[Date Prev][Date Next][Thread Prev][Thread Next][Date Index][Thread Index]

Re: More GC fun.



On Thu, 17 Aug 2000, David Woodhouse wrote:

> 
> 
> jffs_write_node(), through jffs_possibly_delete_file(), appears to remove a 
> file from the in-core tree as soon as it's deleted, even if there are still 
> nodes on the flash which belong to it.

You mean jffs_possibly_delete_file is called from jffs_insert_node, right?

Yes, the deleted file is removed from the internal file tree. The areas on the
flash corresponding to the deleted file's nodes, represented with jffs_fm
structs, are kept to be able to track during garbage collection.

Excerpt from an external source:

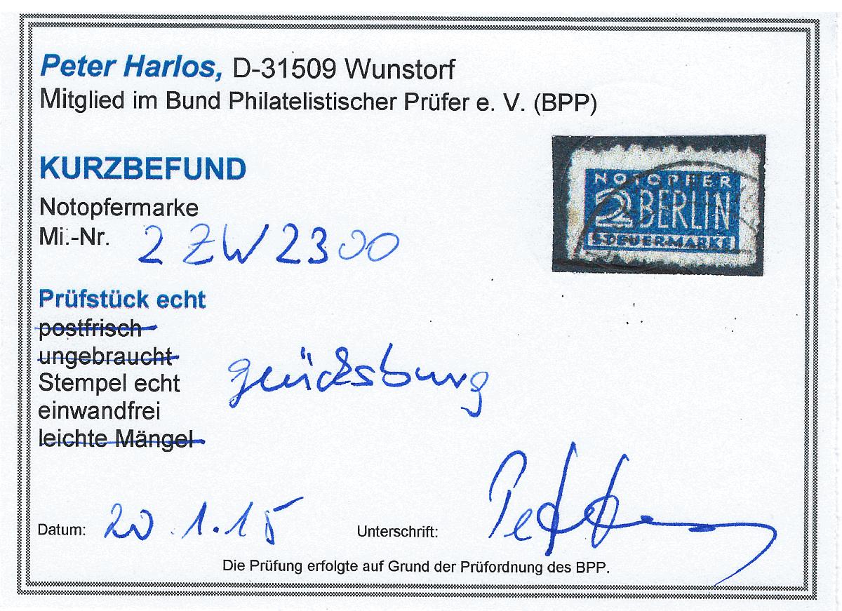| Prüfgebiet: | Alliierte Besetzung Notopfer- und Wohnungsbaumarken |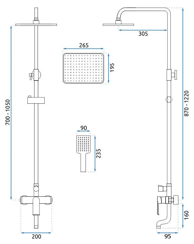 - ABS hlavové sprchy o rozměru 26,5x19,5 cm, kulový kloub umožňující libovolné polohování dešťové sprchy

> When jffs_garbage_collect_now() later tries to pass over those nodes, it 
> isn't happy, because it can't find the file to which they belong.

At least for the moment, I don't see why the nodes of a _deleted_ file are
needed during a garbage collection.


> I think we want to keep the file in the tree until the last node has been 
> removed by GC. That way, we know which inode numbers can safely be re-used 
> after c->next_ino wraps. (/me spots a new can-o-worms in that one ;)

:-)

I dismissed the thoughts of c->next_ino should ever wrap in a real situation. I
reasoned that the flash device itself would have broken long before such a wrap.
I might have misjudged this issue of course.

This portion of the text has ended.